The one genre missing from the universe of SVOD is sports. The UK-based company DAZN (“Da Zone”) is positioning itself to be the Netflix of sports. It is currently hosting over 8,000 sporting events a year for a monthly subscription of $20 and is starting to win sports-rights away from major cable networks like Sky Sports.
Vehicle subscription has arrived. This is not the same as leasing, which ties you to a particular vehicle. With a car subscription, you get access to a range of vehicles from the same company; plus, you don’t have to deal with annoying things like registration, insurance, and maintenance. You can get a subscription to Hyundai’s new hybrid car, Ioniq, for $275 a month; Porsche’s new Passport service gives you access to half a dozen car models; and Cadillac, Ford, and Volvo are starting subscription services.
Car companies are reacting not just to the sea change in customer preferences for services, but also to the challenge of Uber. In many ways Uber is already like a subscription service—it has your ID, payment information, and a history of your preferences—and in some cities it is testing a flat-rate monthly subscription service that includes bundles of reduced-rate trips with no surge pricing.
America’s big automakers have some definite advantages when it comes to the next stage of personal transportation, and they already understand that in the future they’ll be doing less individual vehicle sales and more fleet management. They have the distribution, with vast dealer networks; they already have a huge scale of operations, which will be hard for anyone else to beat; and, they have massive financial resources.
Similar changes are happening in the airline industry. Surf Air gives members access to limitless flights for a flat monthly fee of $2,000. The subscription model gives the company predictive revenue, something that no commercial airline enjoys.
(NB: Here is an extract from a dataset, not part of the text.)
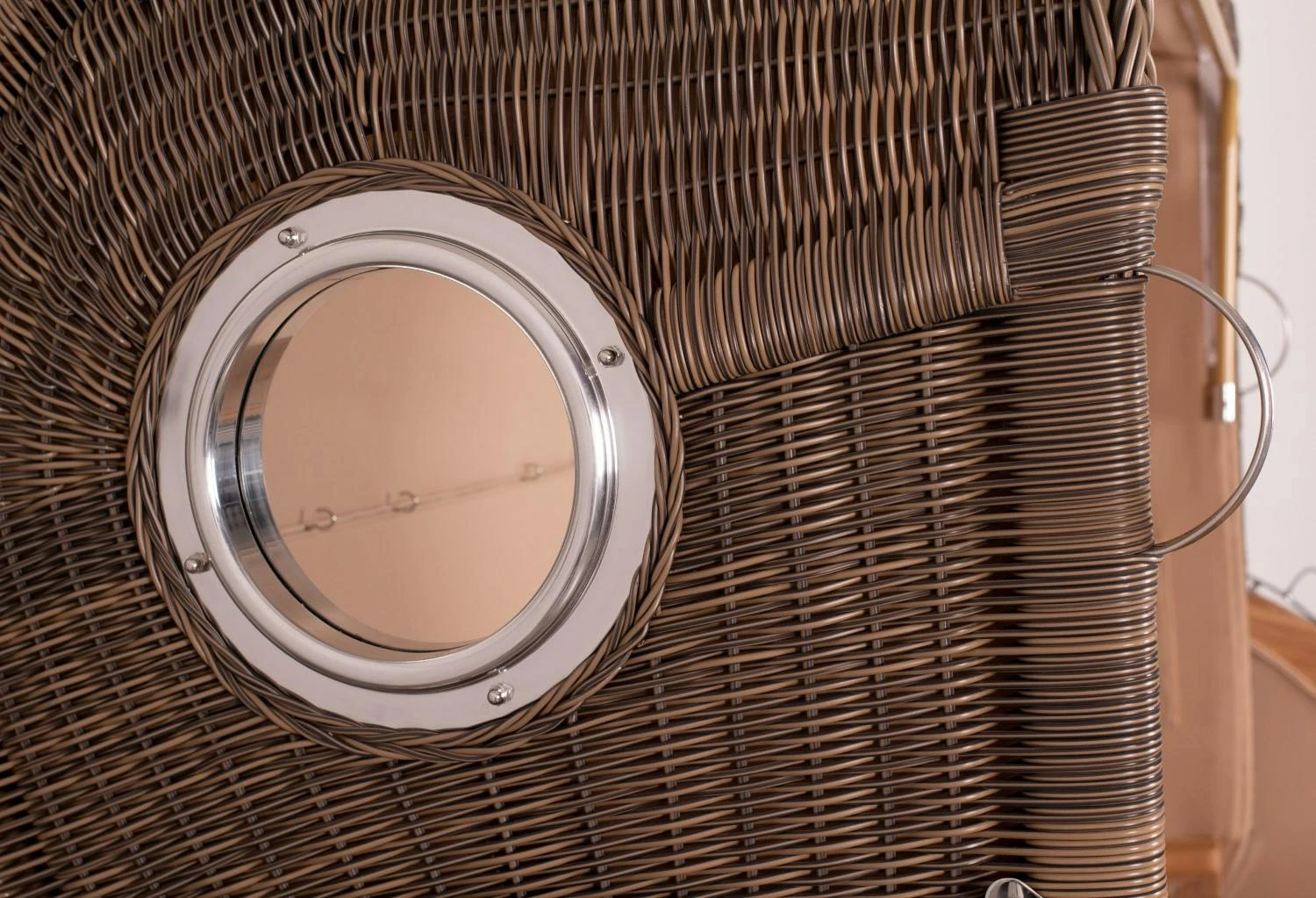 Der extra breite Strandkorb wird aus robustem Plantagen-Teakholz gefertigt und mit stabilen Polyrattangeflecht abgerundet. Das Sonnenflecht-Design des Rattans und die seitlich eingelassenen Aluminium-Bullaugen verleihen dem Strandkorb eine maritime Optik. Die verwendeten Materialien sind nicht nur wetterfest, sondern auch sehr langlebig und pflegeleicht.

This new competition in the transportation industry is not just vertical—airlines competing with airlines, car companies with car companies—it’s increasingly horizontal—light rail competing with rideshares and with budget airlines. France’s state-owned railway, SNCF, realized it needed to compete with all these other modes of transportation to stay viable, so it launched a subscription service targeted at young adults, giving them unlimited rides for a flat monthly fee and using new software services to make sign-up easy. The result was astonishing—the company hit its annual growth target within a couple of months.
Spreading the news
In 2008 The New Yorker declared that “newspapers are dying.” But, the news industry is not dying, it’s transforming. More than 169 million US adults read newspapers every month, in either print, mobile, or phone-format—that’s almost-70% of the adult population.
Readers and publishers are embracing the paid subscription model for news, rather than the old ad-based business model. People don’t like advertising in general; digital ads don’t make sense from a business point of view; and ads risk turning content providers into clickbait factories. With an increasing number of customers comfortable with the subscription model thanks to services like Netflix and Spotify, people are also more likely to pay for online news content.
Take Motor Trend magazine, which first appeared in 1949. In 2016 the company launched a subscription streaming platform called Motor Trend on Demand, which gives access to hundreds of hours of exclusive content. Today, less than half of Motor Trend’s revenues come from its print edition and the company anticipates that recurring subscription revenues will soon account for 20% of its overall revenue.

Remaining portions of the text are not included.